The door opened just slightly. “Is he gone?”
She would’ve answered except a figure, thin and pale, appeared in the doorway. Ryla seemed to have lost half her hair and all of her will. “Yes, Paxton. Duggy went back down the hall.” Even Ryla’s voice seemed to have given up on life.
The door swung open and Paxton immediately went to help her finish her trek into the room. He got her settled and comfortable as Quin went to close the door in case Duggy decided to sneak back into the room.
“Quin. So good to see you again.” Even though the words were breathy and frail, she could feel the meaning and heart behind them.
“It’s…good to see you too.” She tried to infuse her own voice with that love she kept claiming she felt. The task was a lot harder than she thought it would be to pull off without bursting into tears.
“Sit. Talk with me. I’m afraid I laid down for a nap a few hours ago and lost track of time. I’m as awake as can be.”
Quin curled herself into a chair nearby and reached for her sister’s hand. At first, because she needed comfort, but then wanting to give it too. “I should’ve come sooner.”
Ryla squeezed softly. “You’re here now. It’s going to be fine. You’ll see.” She smiled in her distant sort of way. “I had Paxton do some shopping, but I wasn’t sure what you eat anymore.”
Two years before, she’d gone strictly vegan, but that had only lasted until she started having issues with her blood pressure and found she was very low in iron. Her doctor had said she could take supplements, but meat was the easiest way to get it, so she’d gone back to her regular diet. “I’m sure I’ll be fine with whatever he chose.”
“So you don’t eat rabbit food anymore?” Ryla grinned.

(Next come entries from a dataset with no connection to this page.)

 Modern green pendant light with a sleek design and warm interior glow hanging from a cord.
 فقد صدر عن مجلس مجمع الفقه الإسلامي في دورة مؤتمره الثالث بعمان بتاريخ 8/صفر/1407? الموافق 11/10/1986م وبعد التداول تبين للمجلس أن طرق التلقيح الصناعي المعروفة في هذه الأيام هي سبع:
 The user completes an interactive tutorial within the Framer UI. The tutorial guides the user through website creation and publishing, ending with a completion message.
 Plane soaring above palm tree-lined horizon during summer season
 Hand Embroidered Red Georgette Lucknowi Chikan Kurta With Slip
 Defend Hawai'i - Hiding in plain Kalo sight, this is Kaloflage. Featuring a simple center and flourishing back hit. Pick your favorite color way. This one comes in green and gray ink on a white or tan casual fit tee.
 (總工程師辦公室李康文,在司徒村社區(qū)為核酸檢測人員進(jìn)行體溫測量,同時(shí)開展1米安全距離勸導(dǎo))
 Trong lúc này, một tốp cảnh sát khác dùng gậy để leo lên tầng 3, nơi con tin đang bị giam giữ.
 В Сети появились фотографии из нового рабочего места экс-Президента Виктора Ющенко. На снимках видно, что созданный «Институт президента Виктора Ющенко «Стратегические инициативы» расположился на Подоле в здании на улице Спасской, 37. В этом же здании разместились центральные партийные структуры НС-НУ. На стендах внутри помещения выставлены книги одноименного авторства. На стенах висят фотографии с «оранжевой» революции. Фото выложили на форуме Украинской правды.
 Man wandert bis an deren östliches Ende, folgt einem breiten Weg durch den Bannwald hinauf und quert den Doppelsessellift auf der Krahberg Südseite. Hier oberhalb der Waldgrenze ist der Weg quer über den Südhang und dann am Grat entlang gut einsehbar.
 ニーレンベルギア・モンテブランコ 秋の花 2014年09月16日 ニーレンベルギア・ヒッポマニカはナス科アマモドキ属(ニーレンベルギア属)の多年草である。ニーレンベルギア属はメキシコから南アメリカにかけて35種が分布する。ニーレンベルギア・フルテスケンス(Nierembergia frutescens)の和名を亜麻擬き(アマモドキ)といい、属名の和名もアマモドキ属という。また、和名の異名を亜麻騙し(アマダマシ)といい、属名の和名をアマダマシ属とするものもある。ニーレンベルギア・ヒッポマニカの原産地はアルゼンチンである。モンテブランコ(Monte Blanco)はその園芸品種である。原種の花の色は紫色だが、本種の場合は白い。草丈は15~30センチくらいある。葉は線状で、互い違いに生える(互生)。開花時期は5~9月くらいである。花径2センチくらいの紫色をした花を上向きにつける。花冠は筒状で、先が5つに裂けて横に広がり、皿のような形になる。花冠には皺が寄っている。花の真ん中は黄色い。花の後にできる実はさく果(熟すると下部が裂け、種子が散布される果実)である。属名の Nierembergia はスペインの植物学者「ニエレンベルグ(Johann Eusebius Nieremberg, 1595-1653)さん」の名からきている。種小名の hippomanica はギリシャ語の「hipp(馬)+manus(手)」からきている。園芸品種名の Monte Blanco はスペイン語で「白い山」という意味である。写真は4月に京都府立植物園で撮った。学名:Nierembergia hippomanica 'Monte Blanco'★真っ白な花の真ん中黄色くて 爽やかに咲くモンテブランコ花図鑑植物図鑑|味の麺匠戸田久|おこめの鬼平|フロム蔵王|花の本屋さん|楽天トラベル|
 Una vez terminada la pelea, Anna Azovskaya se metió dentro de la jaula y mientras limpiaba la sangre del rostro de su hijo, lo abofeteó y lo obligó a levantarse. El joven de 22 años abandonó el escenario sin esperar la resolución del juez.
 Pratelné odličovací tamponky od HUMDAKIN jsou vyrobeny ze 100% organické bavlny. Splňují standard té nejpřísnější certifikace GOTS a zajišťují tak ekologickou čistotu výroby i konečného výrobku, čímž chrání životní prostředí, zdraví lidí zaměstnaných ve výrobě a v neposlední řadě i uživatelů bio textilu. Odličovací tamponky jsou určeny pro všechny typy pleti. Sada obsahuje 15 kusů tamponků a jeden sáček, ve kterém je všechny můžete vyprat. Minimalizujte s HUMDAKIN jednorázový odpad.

Quin held back a wince. Even her sister’s mouth seemed tired. “I’ll eat rabbit food if that’s what you told Paxton to get for me.”
Paxton turned to her slightly from his spot kneeling in front of Ryla. She hadn’t noticed he was doing something with her feet. He was so quiet when he wanted to be. “I promise it’s not what Duggy eats. Despite how good hay smells, it doesn’t seem like something to feed a guest.”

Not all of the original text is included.